Molecular mechanism of MAFB transcriptional activation of PPARD in regulating adipose browning and protecting against vascular endothelial cell injury

  • Exp Cell Res. 2026 Aug 1;461(1):115102. doi: 10.1016/j.yexcr.2026.115102.
Xiaoyong Hu  1 Hongjian Li  2 Qiuyu Zhang  1 Ying Zhang  1 Zhongying Lv  1 Ting Zou  1 Rui Tang  1 Xinxing Zhang  1
Affiliations
  • 1. Department of Hypertension, The Fifth Affiliated Hospital of Xinjiang Medical University, Urumqi, Xinjiang, 830000, China.
  • 2. Department of Hypertension, The Fifth Affiliated Hospital of Xinjiang Medical University, Urumqi, Xinjiang, 830000, China. Electronic address: [email protected].
Abstract

Background: Adipose browning in perivascular adipose tissue (PVAT) confers vascular protection, yet its molecular regulation remains poorly defined.
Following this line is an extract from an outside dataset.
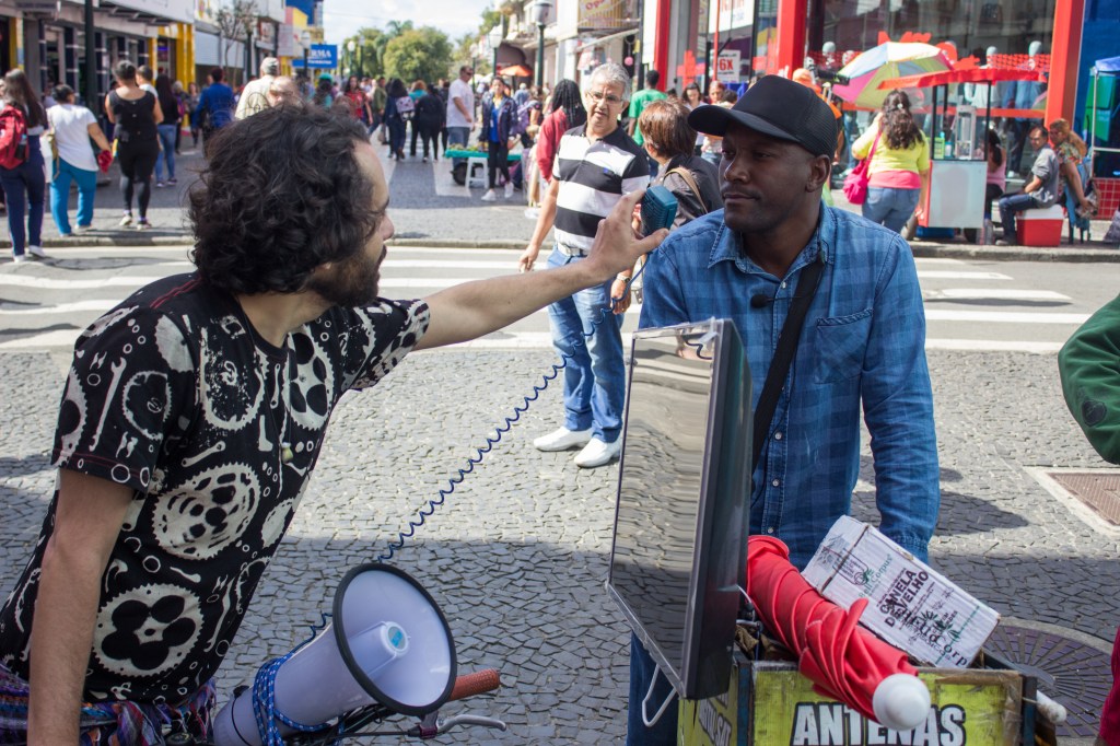 Improviso. Olhares atentos para o que acontece. As histórias acontecem ali ao nosso olhar, prontas para serem contadas. É no relance. No acontecimento ali à nossa frente. Microhistórias que duram a travessia de uma faixa de pedestres, o tempo de virar a cabeça, os segundos que da espera de um sinal, ou na interrupção do encontro com a pessoa transeunte. Esse percursos se dá ao acaso do encontro inesperado. Quando menos se espera a história que acontece ali vira narrativa do contador-ciclista. Esta apresentação aconteceu no 5o Festival Nacional de Contadores de Histórias de Ponta Grossa – PR em junho de 2019.

The transcription factor MAFB has been implicated in this process, but its downstream targets are unclear.

Methods: Bioinformatics analyses were performed to identify browning-related targets of MAFB, highlighting PPARD as a candidate. 3T3-L1 adipocytes were used to investigate MAFB's role in browning. ChIP and luciferase assays assessed MAFB binding and transcriptional activation. Functional consequences were examined via PPARD knockdown and HCAECs co-culture.
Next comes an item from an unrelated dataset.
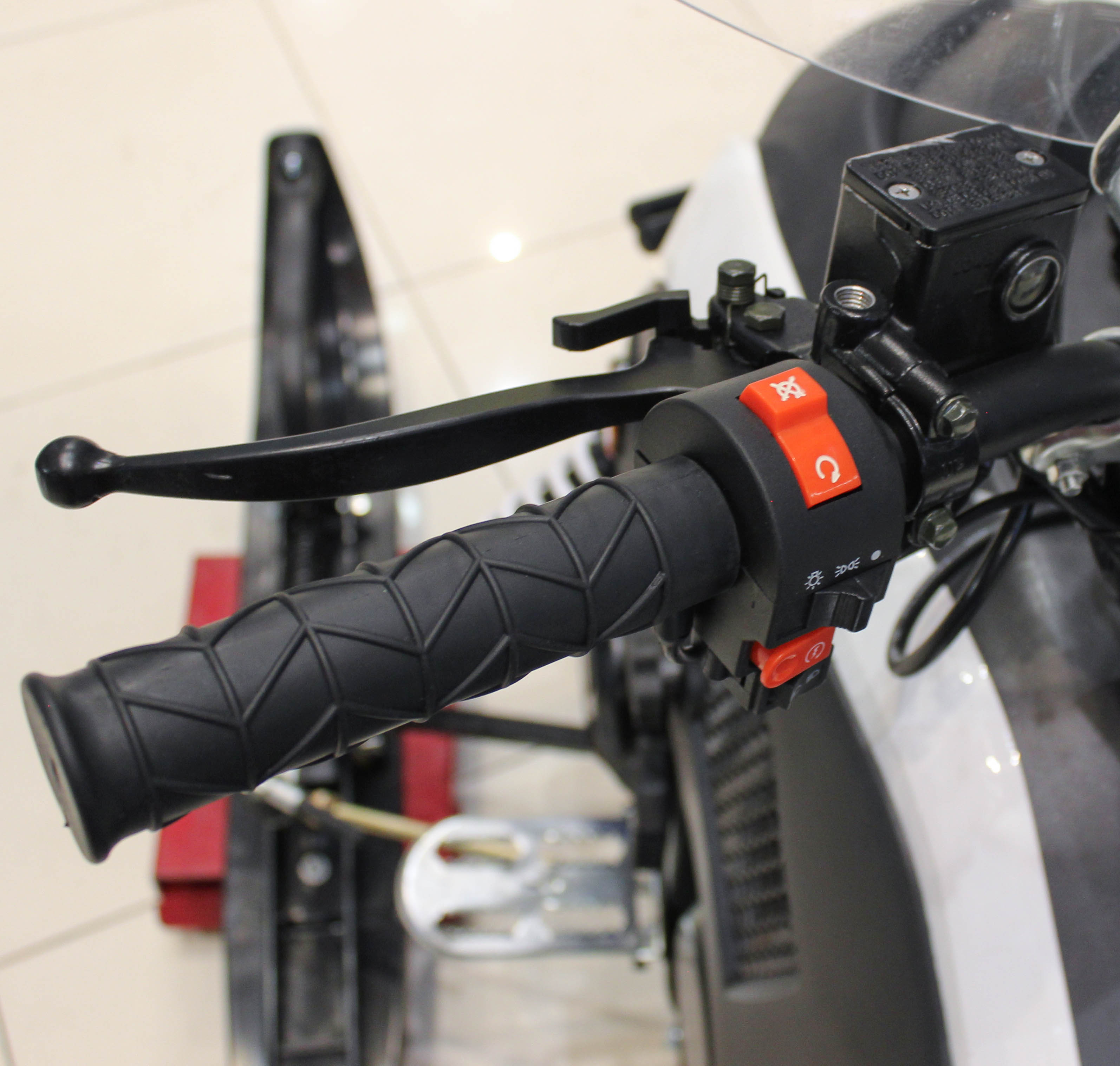 Ручки с подогревом делают езду комфортной даже в морозную погоду. Цифровой дисплей на руле снегохода отображает основные параметры его работы.

Results: MAFB overexpression enhanced UCP1, PPARGC1α, PRDM16, and CIDEA expression, mitochondrial content, oxygen consumption, and Adiponectin secretion, while reducing ASC1 in adipocytes. MAFB directly bound to and activated the PPARD promoter. PPARD knockdown diminished MAFB-induced browning. Conditioned medium from brown adipocytes protected HCAECs and primary mouse vascular endothelial cellsmore effectively than white adipocyte medium. Modulating the MAFB-PPARD axis in adipocytes significantly influences endothelial cell viability, Apoptosis, and inflammatory responses.

Conclusion: MAFB promotes adipocyte browning via direct transcriptional activation of PPARD, contributing to endothelial protection. The MAFB-PPARD axis may offer a novel therapeutic target for vascular and metabolic diseases.

Keywords
Adipose browning; Endothelial cells; MAFB; Molecular mechanism; PPARD; Vascular injury.